Photo: Courtesy of Gretchen Biedl.
Gretchen Biedl and Michael Willner, New York City foster parents.
Biedl shared a story that brought tears to her eyes. When she was volunteering as a Court Appointed Special Advocate (CASA), she saw a father drive up to New York City from North Carolina to petition for custody of his daughter. "He came regularly," Biedl said. "He wanted her. He would be at the court hearing and the mother would not show up, so they wouldn't give him custody. It went on for months and months while [the child] was languishing in a non-family home." That's why Biedl and Willner are supportive of Lowry's lawsuit. They said they are critical of ACS not because they believe the agency has bad intentions, but because it approaches foster care from a reprehensible policy of quantity over quality. The couple believes that the ACS's focus on hiring more social workers diverts its attention, and its funds, from nonprofits like You Gotta Believe and the Council on Adoptable Children, which are trained in and committed to achieving permanency for foster children. "Creating bureaucracy to solve problems doesn't solve problems; it creates more problems," Willner said, referring to the ACS and Commissioner Carrión's move to hire more than 300 new employees. "What I worry about is just hiring a bunch of people. I know where that goes, and it's not pretty." Biedl added: "The fact of the matter is that the case workers aren't the ones who know how to achieve permanency. The case workers are there to deal with emergency situations. My case workers have never helped me work through a situation; they just ask if I want the kid removed."

My case workers have never helped me work through a situation; they just ask if I want the kid removed.

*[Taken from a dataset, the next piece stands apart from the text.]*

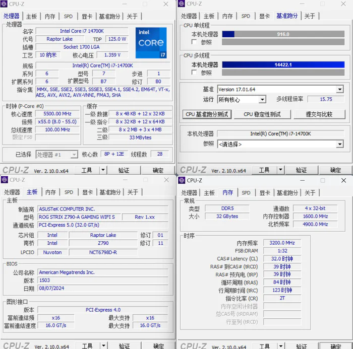 CPUZ 測試14700K的單核916分,多核14422.1分
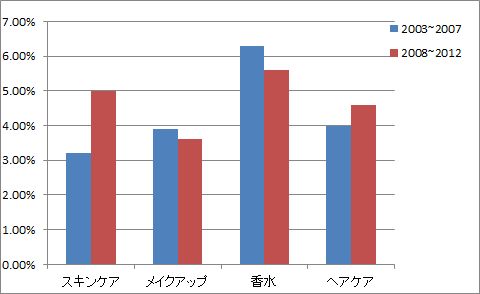 一方、アジア市場は特にスキンケア市場が金融危機以前は3.2%増であったのが、2008~2012年は5.0%増と大きく成長している。先に述べたように先進国のメーカーがアジア地域に参入している理由はここにある。(図5参照) 図5 アジア太平洋市場のカテゴリー別成長率

-Gretchen Biedl, foster parent
The couple also fears the consequences of allowing children to "age out" of the foster care system. According to the 2011 Midwest Evaluation of the Adult Functioning of Former Foster Youth, adults who spent time in foster care have lower-than-average earnings, difficulty paying bills, reliance on government benefits, and high levels of incarceration compared to other adults their age. Since the 1990s, the number of children in foster care in NYC has dropped from 45,000 to less than 15,000. In September 2014, Mayor de Blasio signed a set of laws that require the ACS to compile annual foster care reports that would reveal important information about the number of children who age out of the system, and about high school enrollment and graduation rates for children in the foster care system. Additionally, the laws require the ACS to intensify its efforts to connect children removed from their parents with extended family members. But the groups filing the lawsuit believe that if it succeeds, those initiatives will be reduced to what Lowry, James, and others believe they are — good-faith attempts that have fallen dangerously short.